Personal information
- Full name: Berkay Tolga Dabanlı
- Date of birth: 27 June 1990 (age 35)
- Place of birth: Frankfurt, West Germany
- Height: 1.90 m (6 ft 3 in)
- Position: Centre-back

Team information
- Current team: Rapperswil-Jona
- Number: 4

Youth career
- 0000–2004: Blau-Gelb Frankfurt
- 2004–2008: SG Rosenhöhe Offenbach
- 2008–2009: FSV Frankfurt

Senior career*
- Years: Team / Apps / (Gls)
- 2009–2010: FSV Frankfurt II / 29 / (3)
- 2010–2011: Bayer 04 Leverkusen II / 29 / (1)
- 2011–2012: Kayserispor / 10 / (0)
- 2013–2014: 1. FC Nürnberg / 13 / (0)
- 2013–2014: → 1. FC Nürnberg II / 3 / (0)
- 2014–2016: Eskişehirspor / 23 / (1)
- 2017: Chemnitzer FC / 12 / (1)
- 2017–2018: Rot-Weiß Erfurt / 18 / (1)
- 2018–2019: Boluspor / 1 / (0)
- 2019–2020: Eskişehirspor / 18 / (0)
- 2020–2022: Rheindorf Altach / 49 / (0)
- 2022: Kocaelispor / 12 / (1)
- 2022–2024: Lausanne-Sport / 44 / (1)
- 2024–2025: Fatih Karagümrük / 14 / (1)
- 2025–: Rapperswil-Jona / 22 / (3)

= Berkay Dabanlı =

German footballer (born 1990)

Berkay Tolga Dabanlı (born 27 June 1990) is a German professional footballer who plays as a centre-back for Swiss club Rapperswil-Jona.

==Career==
Dabanlı was born and raised in Germany and played until he was 18 for smaller clubs in and around his home town Frankfurt am Main.
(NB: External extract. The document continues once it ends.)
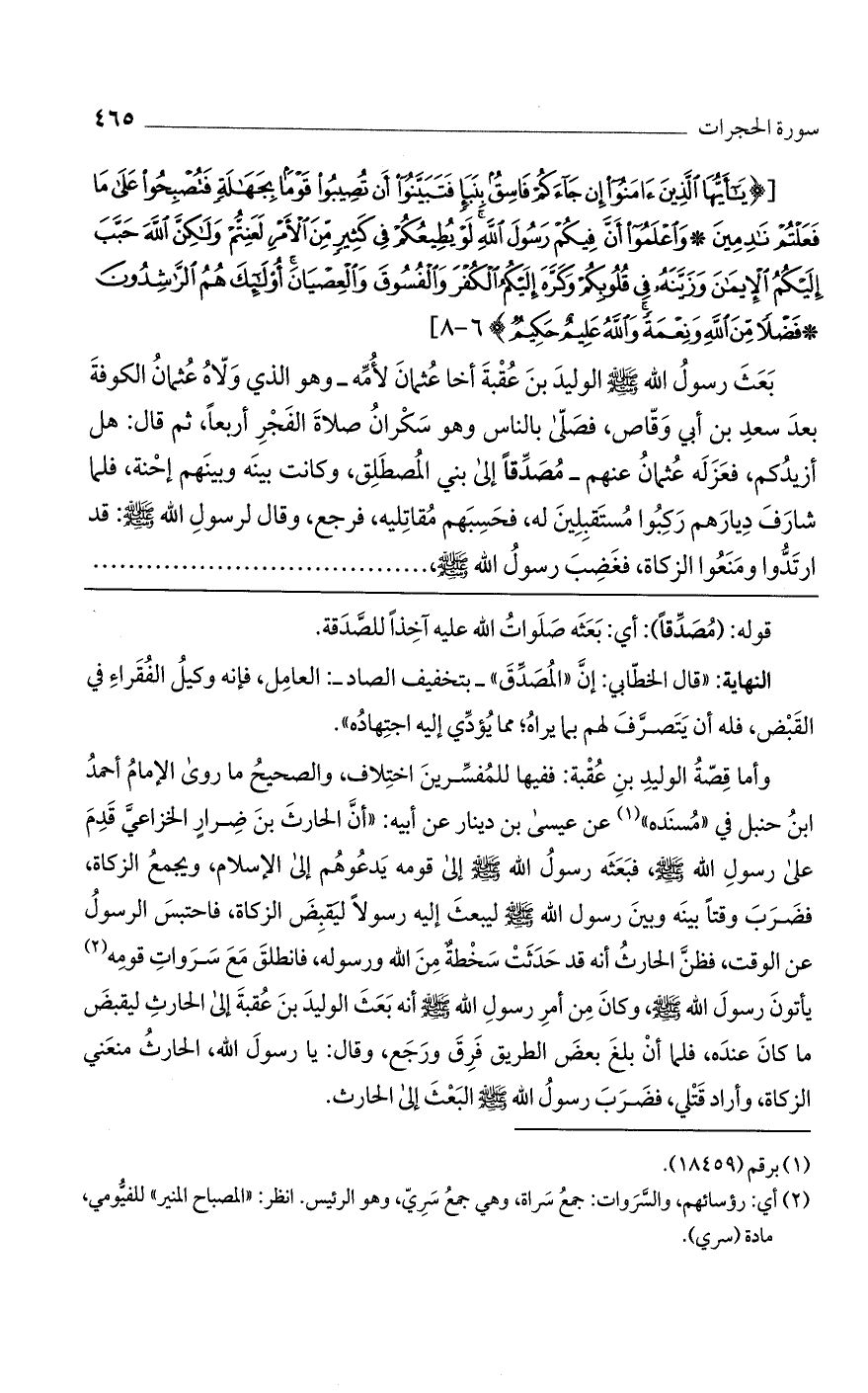 وأما قصة الوليد بن عقبة: ففيها للمفسرين اختلاف، والصحيح ما روى الإمام أحمد ابن حنبل في "مسنده" عن عيسى بن دينار عن أبيه: "أن الحارث بن ضرار الخزاعي قدم على سول الله صلى الله عليه وسلم، فبعثه رسول الله صلى الله عليه وسلم إلى قومه يدعوهم إلى الإسلام، ويجمع الزكاة، فضرب وقتًا بينه وبين رسول لله صلى الله عليه وسلم ليبعث إليه رسولًا ليقبض الزكاة، فاحتبس الرسول عن الوقت، فظن الحارث أنه قد حدثت سخطة من الله ورسوله، فانطلق مع سروات قومه يأتون رسول الله صلى الله عليه وسلم، وكان من أمر الرسول صلى الله عليه وسلم أنه بعث الوليد بن عقبة إلى الحارث ليقبض ما كان عنده، فلما أن بلغ بعض الطريق فرق ورجع، وقال: يا رسول الله، الحارث منعني الزكاة، وأراد قتلي، فضرب رسول الله صلى الله عليه وسلم البعث إلى الحارث.
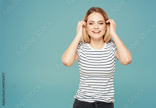 Fototapeta premium woman with displeased facial expression angry look blue background

In 2008 however he managed to join 2. Bundesliga club FSV Frankfurt, the second most important club in Frankfurt. There he stayed two years and became a regular for the second team during his second season. In an interview Dabanlı revealed that he got in fact an offer by Eintracht Frankfurt, the leading club in Frankfurt, but his parents did not admit a move to such a big club since they wanted him to focus on school and to finally attain Abitur.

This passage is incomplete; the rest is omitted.